The term of a commercial mortgage is generally between five and ten years for stabilized commercial properties with established cash flows (sometimes called "permanent loans"), and between one and three years for properties in transition, for example, newly opened properties or properties undergoing renovation or repositioning (sometimes called "bridge loans"). Mortgages on multifamily properties that are provided by a government-sponsored enterprise or government agency may have terms of thirty years or more. Some commercial mortgages may allow extensions if certain conditions are met, which may include payment of an extension fee. Some commercial mortgages have an "anticipated repayment date," which means that if the loan is not repaid by the anticipated repayment date, the loan is not in default.

Amortization

Commercial mortgages frequently amortize over the term of the loan, meaning the borrower pays both interest and principal over time, and the loan balance at the end of the term is less than the original loan amount. However, unlike residential mortgages, commercial mortgages generally do not fully amortize over the stated term, and therefore frequently end with a balloon payment of the remaining balance, which is often repaid by refinancing the property. Some commercial mortgages have an interest-only period at the beginning of the loan term during which time the borrower only pays interest.

Prepayment

Commercial loans vary in their prepayment terms, that is, whether or not a real estate investor is allowed to refinance the loan at will. Some portfolio lenders, such as banks and insurance companies, may allow prepayment flexibility. In contrast, for a borrower to prepay a conduit loan, the borrower will have to defease the bonds, by buying enough government bonds (treasuries) to provide the investors with the same amount of income as they would have had if the loan was still in place.

Borrower entity

A commercial mortgage is typically taken on by a special purpose entity such as a corporation or an LLC created specifically to own just the subject property, rather than by an individual or a larger business. This allows the lender to foreclose on the property in the event of default even if the borrower has gone into bankruptcy, that is, the entity is "bankruptcy remote".

Recourse

Commercial mortgages may be recourse or non-recourse. A recourse mortgage is supplemented by a general obligation of the borrower or a personal guarantee from the owner(s) of the property, which makes the debt payable in full even if foreclosure on the property does not satisfy the outstanding balance. A nonrecourse mortgage is secured only by the commercial property that serves as collateral. In an event of default, the creditor can foreclose on the property, but has no further claim against the borrower for any remaining deficiency.

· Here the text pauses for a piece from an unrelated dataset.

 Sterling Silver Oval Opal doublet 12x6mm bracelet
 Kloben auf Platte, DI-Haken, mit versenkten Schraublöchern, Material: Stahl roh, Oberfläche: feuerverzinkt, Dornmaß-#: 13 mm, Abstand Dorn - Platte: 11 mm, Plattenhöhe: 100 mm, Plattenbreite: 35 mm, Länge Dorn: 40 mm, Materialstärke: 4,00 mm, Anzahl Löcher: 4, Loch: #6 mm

If a sponsor is seeking financing on a portfolio of commercial real estate properties, rather than a single property, the sponsor may choose to take out a cross-collateralized loan, in which the all of the properties collateralize the loan.

Reserves

Lenders may require borrowers to establish reserves to fund specific items at closing, such as anticipated tenant improvement and leasing commission (TI/LC) expense, needed repair and capital expenditure expense, and interest reserves.

Underwriting

Underwriting metrics

Lenders usually require a minimum debt service coverage ratio which typically ranges from 1.1 to 1.4; the ratio is net cash flow (the income the property produces) over the debt service (mortgage payment). As an example if the owner of a shopping mall receives $300,000 per month from tenants, pays $50,000 per month in expenses, a lender will typically not give a loan that requires monthly payments above $227,273 (($300,000-$50,000)/1.1)), a 1.1 debt cover.

Lenders also look at loan to value (LTV). LTV is a mathematical calculation which expresses the amount of a mortgage as a percentage of the total appraised value. For instance, if a borrower wants $6,000,000 to purchase an office worth $10,000,000, the LTV ratio is $6,000,000/$10,000,000 or 60%. Commercial mortgage LTV's are typically between 55% and 70%, unlike residential mortgages which are typically 80% or above.

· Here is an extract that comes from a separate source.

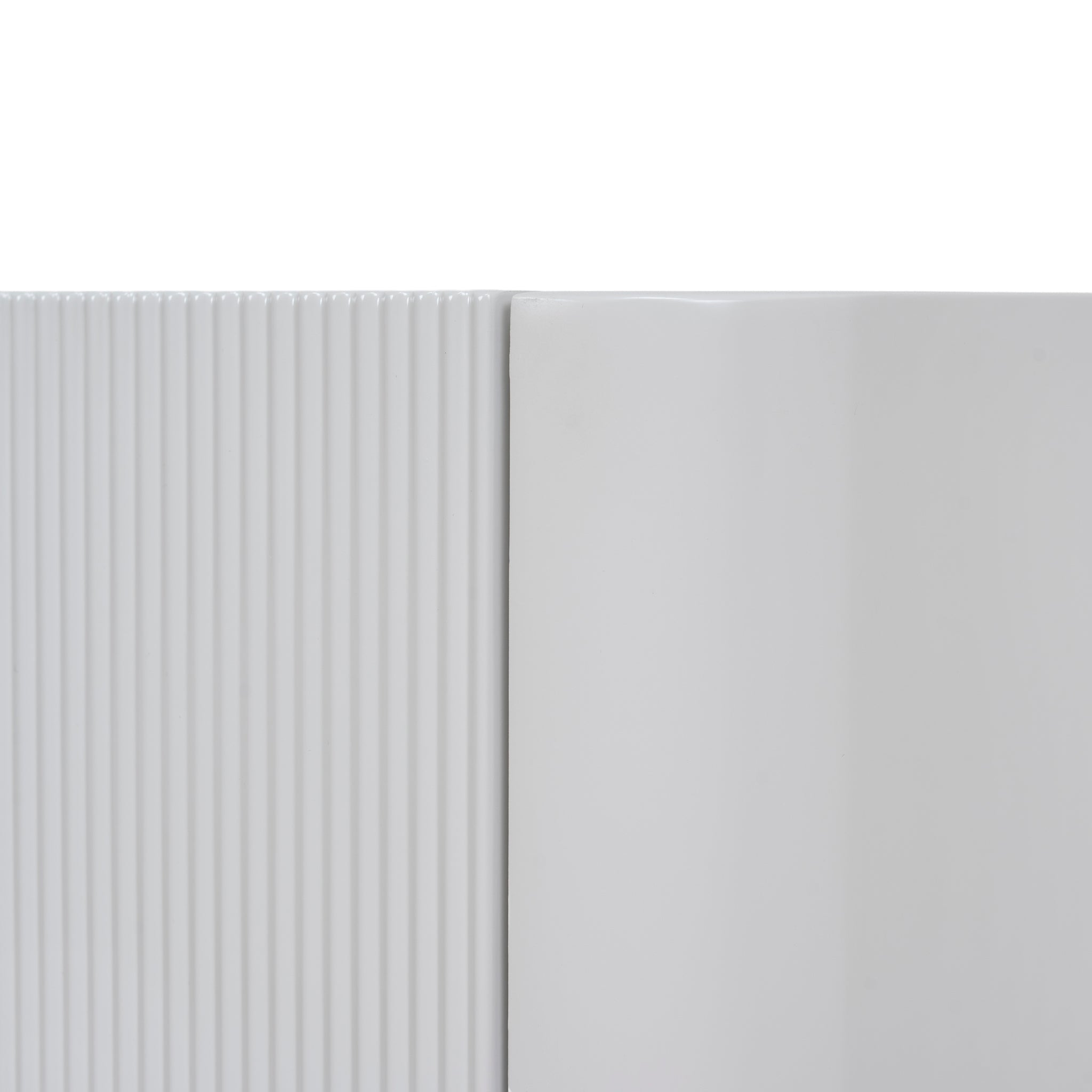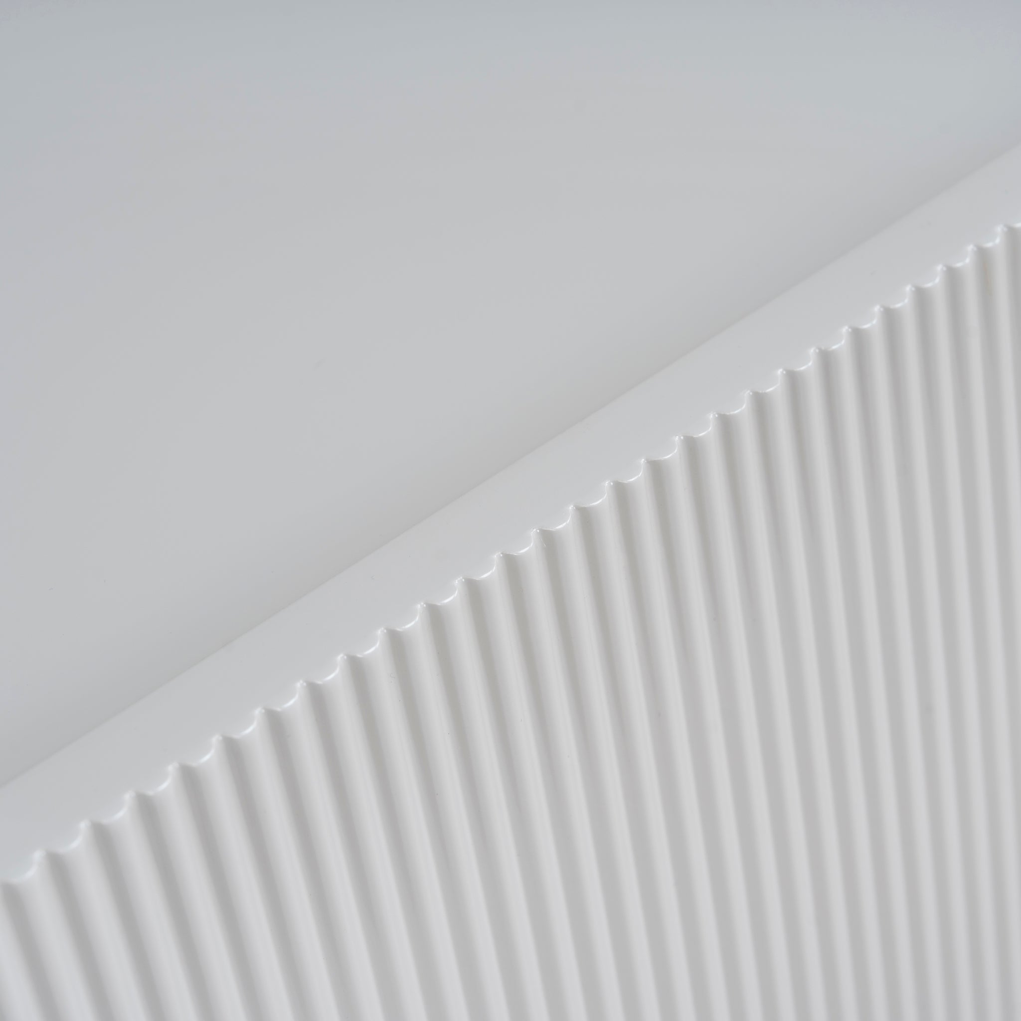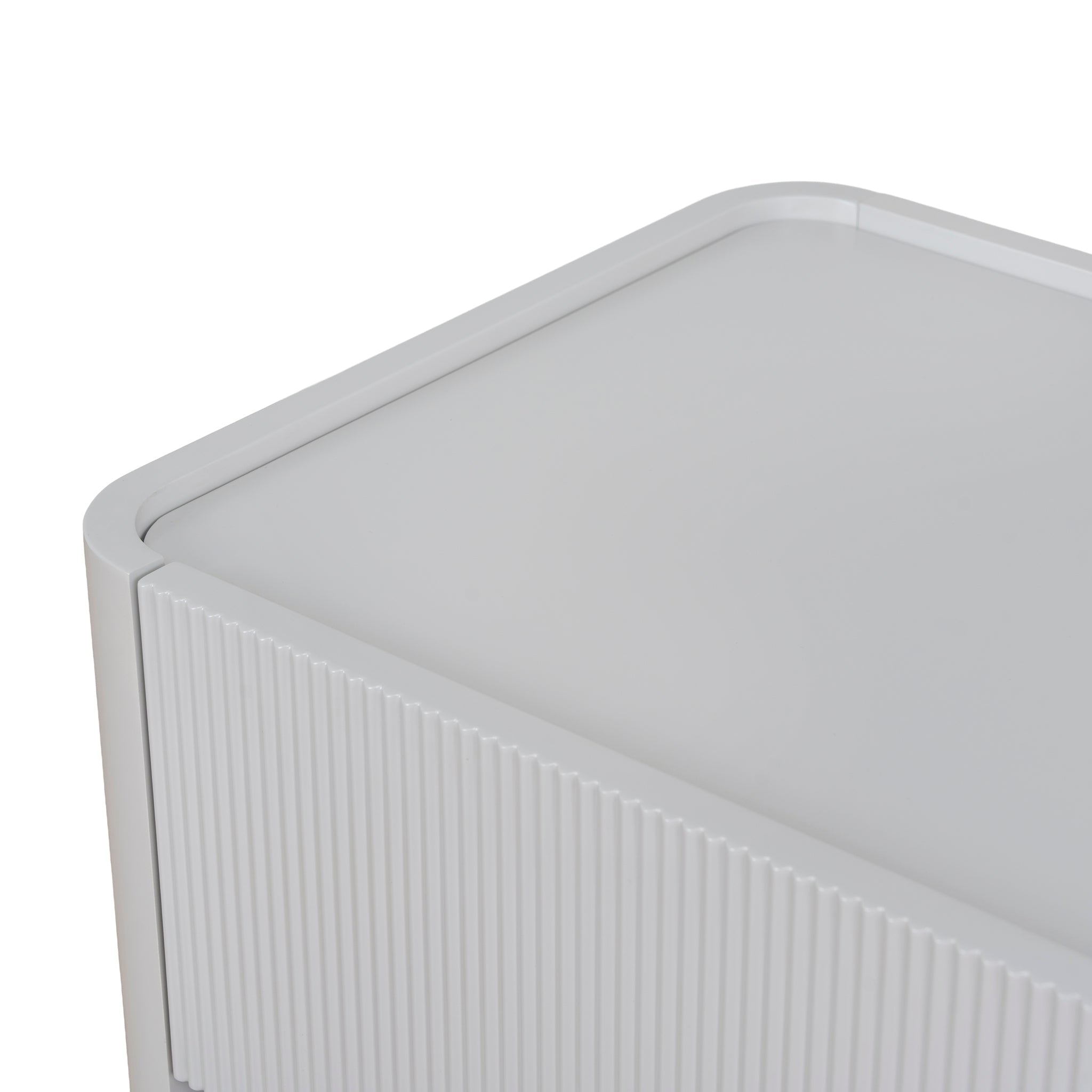 Engineered wood with warm grey veneer Melamine surfaces Gently curved edges Fine ribbed detailing Raised edge Clean, uncluttered façade Two spacious drawers Smooth metal runners Solid block-style legs Weight capacity: 50 kg Minor assembly required

Lenders look at rents per square foot, cost per square foot and replacement cost per square foot. These metrics vary widely depending on the location and intended use of the property, but can be useful indications of the financial health of the real estate, as well as the likelihood of competitive new developments coming online.

Since the financial crisis, lenders have started to focus on a new metric, debt yield, to complement the debt service coverage ratio. Debt yield is defined as the net operating income (NOI) of a property divided by the amount of the mortgage.

Underwriting practices

Lenders typically do thorough extreme due diligence on a proposed commercial mortgage loan prior to funding the loan. Such due diligence often includes a site tour, a financial review, and due diligence on the property's sponsor and legal borrowing entity. Many lenders also commission and review third-party reports such as an appraisal, environmental report, engineering report, and background checks.

Providers of commercial mortgages

Banks

Banks, large and small, are traditional providers of commercial mortgages. According to the Federal Reserve, banks held $1.5 trillion of commercial mortgages on their books as of June 30, 2013.

Conduit lenders

Conduit lenders originate commercial mortgages and hold them as investments for a short period of time before securitizing the loans and selling CMBS secured by the underlying commercial mortgage loans. Conduit lenders include both banks and non-bank finance companies. Approximately $560 billion of commercial mortgages were held by issuers of CMBS as of June 30, 2013, according to the Federal Reserve.

Securitization of commercial mortgages in its current form began with the Resolution Trust Corporation's (or RTC's) commercial securitization program in 1992-1997. The RTC applied an approach similar to the one it had begun successfully using with residential mortgages, issuing multiple tranches of securities secured by diversified pools of commercial mortgage loans. Following the introduction of the securitization methods by the RTC, private banks began to originate loans specifically for the purpose of turning them into securities. These loans are typically structured to forbid prepayment beyond a specified amortization schedule. This makes the resultant securities more attractive to investors, because they know that the commercial mortgages will remain outstanding even if interest rates decline.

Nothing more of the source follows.